Exhibit to feature work by Northwestern art professor

Northwestern College art professor Emily Stokes will exhibit four series of her work—including “Stumbled Upon V,” a combination of linocut printmaking, digital imaging and acrylics on wood—in Te Paske Gallery Sept. 26 through Oct. 28.

Emily Stokes, an assistant professor of art at Northwestern College, will display her work in Northwestern’s Te Paske Gallery Sept. 26 through Oct. 28. An opening reception is scheduled for Monday, Sept. 26, at 7 p.m.

Stokes is calling her exhibit “Vigilant Being.” Her work takes cues from the ways in which artists have carefully staged coded imagery to build plural meanings or reveal aspects of their faith in their work. She draws from references as varied as Dutch Golden Age painters to 20th century Works Progress Administration-era artists. Recurrent iconography—such as haystacks, animals and ice—are choreographed with imaginative interpretations of her surroundings.

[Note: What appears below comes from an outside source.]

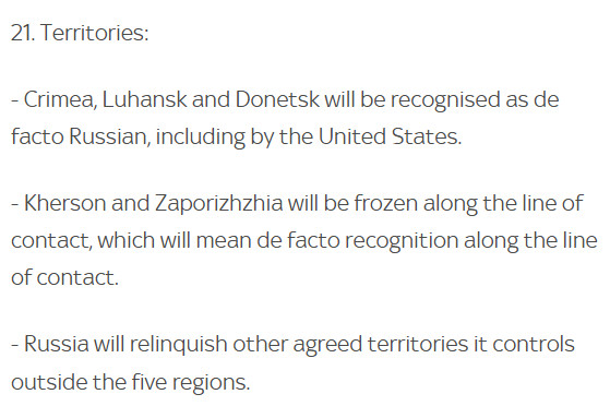 Het meest in het oog springt punt 21, de bepalingen rond overdracht van grondgebied. Rusland wordt beloond voor de originele agressie met grote grondgebieden, groter dan de gebieden die zij nu militair beheersen. Russische soevereiniteit over de Krim wordt erkend.

The show will include four series of work. Three of those series feature a combination of printmaking, painting, and in some cases, digital imaging. She first makes prints on paper, then mounts the prints on wood, cuts the wood into organic shapes, and adds drawing and painting. “Vigilant Being” will also include an in-progress sculptural work of interlocking wooden panels that features a panoramic scene.

Stokes joined Northwestern’s faculty in 2011 after earning a Master of Fine Arts degree in printmaking from Arizona State University. Her work has been featured in juried printmaking and all-media exhibitions in 15 states ranging from New York to Washington and Louisiana to Minnesota. She won the purchase award at the 29th Annual McNeese Works on Paper juried exhibition and was selected for the Council of Independent Colleges Summer Seminar, “Dutch Art, Patrons and Markets,” at the High Museum of Art in Atlanta.

Stokes has served as a panelist at the Mid-American Print Council and the Southeastern College Art Association conferences. She has lectured as a visiting artist at Owens Community College in Toledo, Ohio, co-juried a student exhibition at Morningside College in Sioux City, and spent a summer as a resident artist at Wilson College in Chambersburg, Pa. She is also a member of the Orange City Arts Council.

Northwestern’s Te Paske Gallery is located in the Thea G. Korver Visual Arts Center, on Highway 10 at 214 8th Street SW in Orange City. Gallery hours are 8 a.m. to midnight Monday through Saturday and 1 p.m. to midnight Sunday.